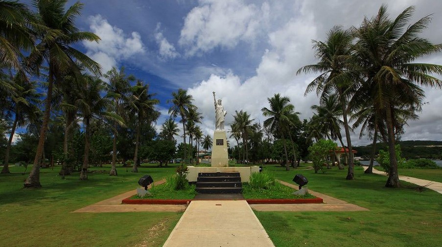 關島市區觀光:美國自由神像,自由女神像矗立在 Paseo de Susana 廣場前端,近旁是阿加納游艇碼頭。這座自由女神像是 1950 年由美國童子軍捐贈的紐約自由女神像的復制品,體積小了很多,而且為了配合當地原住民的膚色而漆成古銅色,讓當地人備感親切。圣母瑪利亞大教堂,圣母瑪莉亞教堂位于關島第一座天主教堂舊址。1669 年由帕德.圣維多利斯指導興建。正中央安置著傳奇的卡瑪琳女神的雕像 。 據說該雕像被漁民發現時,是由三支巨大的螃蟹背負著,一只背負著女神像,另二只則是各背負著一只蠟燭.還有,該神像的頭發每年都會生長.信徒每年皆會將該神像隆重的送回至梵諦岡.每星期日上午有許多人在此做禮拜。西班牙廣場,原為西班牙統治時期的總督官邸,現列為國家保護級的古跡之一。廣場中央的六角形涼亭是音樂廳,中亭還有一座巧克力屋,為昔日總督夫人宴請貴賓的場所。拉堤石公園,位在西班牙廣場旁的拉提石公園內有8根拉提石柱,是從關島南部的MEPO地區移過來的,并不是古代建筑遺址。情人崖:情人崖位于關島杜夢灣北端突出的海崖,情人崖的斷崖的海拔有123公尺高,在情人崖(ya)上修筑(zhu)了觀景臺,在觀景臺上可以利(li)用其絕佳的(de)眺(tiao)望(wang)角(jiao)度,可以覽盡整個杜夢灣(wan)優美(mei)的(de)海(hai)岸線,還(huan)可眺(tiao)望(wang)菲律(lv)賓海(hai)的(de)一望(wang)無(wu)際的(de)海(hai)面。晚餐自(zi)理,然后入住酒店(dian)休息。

--------------------

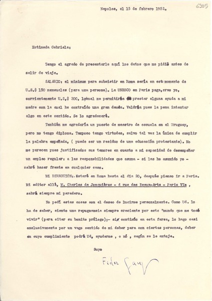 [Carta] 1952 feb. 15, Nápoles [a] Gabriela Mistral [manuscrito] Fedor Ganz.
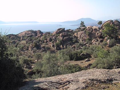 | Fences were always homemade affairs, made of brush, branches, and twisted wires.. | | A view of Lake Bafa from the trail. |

--------------------

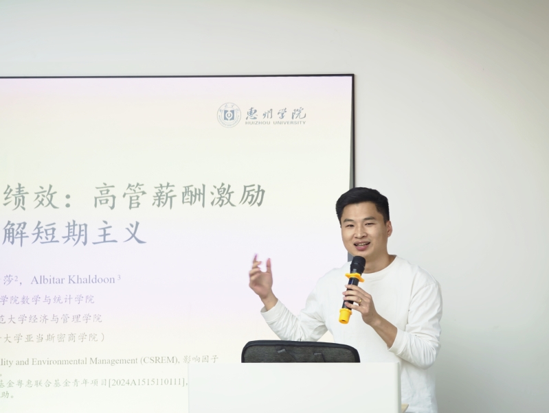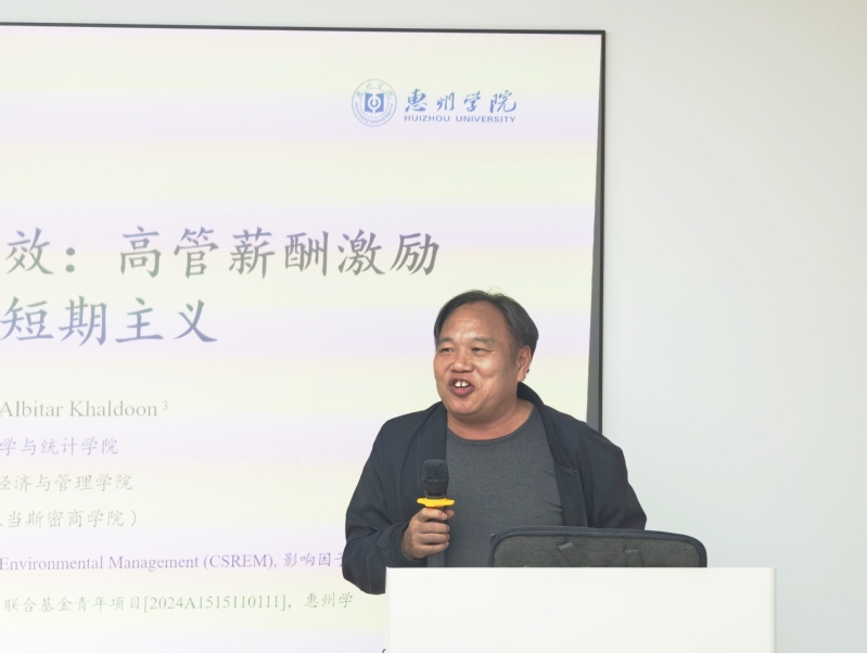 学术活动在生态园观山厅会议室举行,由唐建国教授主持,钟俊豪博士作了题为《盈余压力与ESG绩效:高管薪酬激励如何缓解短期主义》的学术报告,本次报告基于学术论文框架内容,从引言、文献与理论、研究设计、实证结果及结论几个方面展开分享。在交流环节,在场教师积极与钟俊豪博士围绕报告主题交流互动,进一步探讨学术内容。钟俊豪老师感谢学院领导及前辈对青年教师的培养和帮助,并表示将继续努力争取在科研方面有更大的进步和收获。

--------------------

In the listing above, find the line containing "[Carta] 1952 feb.". Output it and every line after it up to and including the line containing "the trail. |", exactly, but skip the pictures.

» Completed task:
 [Carta] 1952 feb. 15, Nápoles [a] Gabriela Mistral [manuscrito] Fedor Ganz.
 | Fences were always homemade affairs, made of brush, branches, and twisted wires.. | | A view of Lake Bafa from the trail. |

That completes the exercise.